WORK INSTRUCTIONS: Of the entries below, return exactly those lines that fall between the one containing "Novogradnja, trosoban, 61,90" and the one containing "馬刺しの定番3種(霜降り、赤身、フタエゴ)のセットです。", the two end lines included.

MATERIAL PROVIDED:
BEGIN

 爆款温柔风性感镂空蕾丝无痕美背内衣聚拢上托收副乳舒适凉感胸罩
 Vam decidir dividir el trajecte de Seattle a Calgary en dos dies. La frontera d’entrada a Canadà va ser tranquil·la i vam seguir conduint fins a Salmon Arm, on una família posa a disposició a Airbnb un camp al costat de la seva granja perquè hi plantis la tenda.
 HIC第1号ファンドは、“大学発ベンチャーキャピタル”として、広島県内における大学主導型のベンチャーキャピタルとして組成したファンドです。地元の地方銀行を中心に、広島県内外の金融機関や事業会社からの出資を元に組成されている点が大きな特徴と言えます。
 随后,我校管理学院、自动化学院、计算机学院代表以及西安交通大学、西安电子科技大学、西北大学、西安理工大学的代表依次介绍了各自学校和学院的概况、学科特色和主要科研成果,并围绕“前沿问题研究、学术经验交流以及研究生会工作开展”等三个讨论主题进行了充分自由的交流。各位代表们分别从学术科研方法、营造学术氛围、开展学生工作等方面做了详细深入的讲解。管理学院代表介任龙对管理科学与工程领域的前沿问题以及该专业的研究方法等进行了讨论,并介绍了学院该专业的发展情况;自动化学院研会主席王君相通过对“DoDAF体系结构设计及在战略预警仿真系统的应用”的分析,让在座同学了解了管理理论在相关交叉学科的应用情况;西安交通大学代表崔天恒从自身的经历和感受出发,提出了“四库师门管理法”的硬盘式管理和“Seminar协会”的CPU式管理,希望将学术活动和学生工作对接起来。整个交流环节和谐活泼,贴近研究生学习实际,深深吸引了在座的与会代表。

END
BEGIN

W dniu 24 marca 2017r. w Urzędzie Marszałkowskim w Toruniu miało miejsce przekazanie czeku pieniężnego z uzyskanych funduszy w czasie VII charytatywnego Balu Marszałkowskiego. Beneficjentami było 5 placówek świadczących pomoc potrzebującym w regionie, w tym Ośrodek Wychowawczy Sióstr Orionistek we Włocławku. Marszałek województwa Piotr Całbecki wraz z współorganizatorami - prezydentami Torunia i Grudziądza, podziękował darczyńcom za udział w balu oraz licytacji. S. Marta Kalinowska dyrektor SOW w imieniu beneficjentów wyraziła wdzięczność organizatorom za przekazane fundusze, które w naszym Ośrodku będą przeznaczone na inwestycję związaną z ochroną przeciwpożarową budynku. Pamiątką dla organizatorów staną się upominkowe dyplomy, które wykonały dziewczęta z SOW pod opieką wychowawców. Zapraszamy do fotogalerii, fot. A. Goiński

END
BEGIN

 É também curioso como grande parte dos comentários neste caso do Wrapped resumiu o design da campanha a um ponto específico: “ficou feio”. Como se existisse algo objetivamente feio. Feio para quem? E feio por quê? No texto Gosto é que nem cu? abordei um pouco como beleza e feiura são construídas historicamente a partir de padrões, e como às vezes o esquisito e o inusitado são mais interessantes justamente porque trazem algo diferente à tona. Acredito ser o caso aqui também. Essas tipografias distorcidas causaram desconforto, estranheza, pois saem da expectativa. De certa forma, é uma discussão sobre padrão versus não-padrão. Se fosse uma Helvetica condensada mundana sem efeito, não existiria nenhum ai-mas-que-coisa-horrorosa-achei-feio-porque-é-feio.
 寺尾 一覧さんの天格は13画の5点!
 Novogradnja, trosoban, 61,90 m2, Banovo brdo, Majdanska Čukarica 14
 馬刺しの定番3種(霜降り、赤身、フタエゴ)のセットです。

END

THE COMPLETED TASK:
 Novogradnja, trosoban, 61,90 m2, Banovo brdo, Majdanska Čukarica 14
 馬刺しの定番3種(霜降り、赤身、フタエゴ)のセットです。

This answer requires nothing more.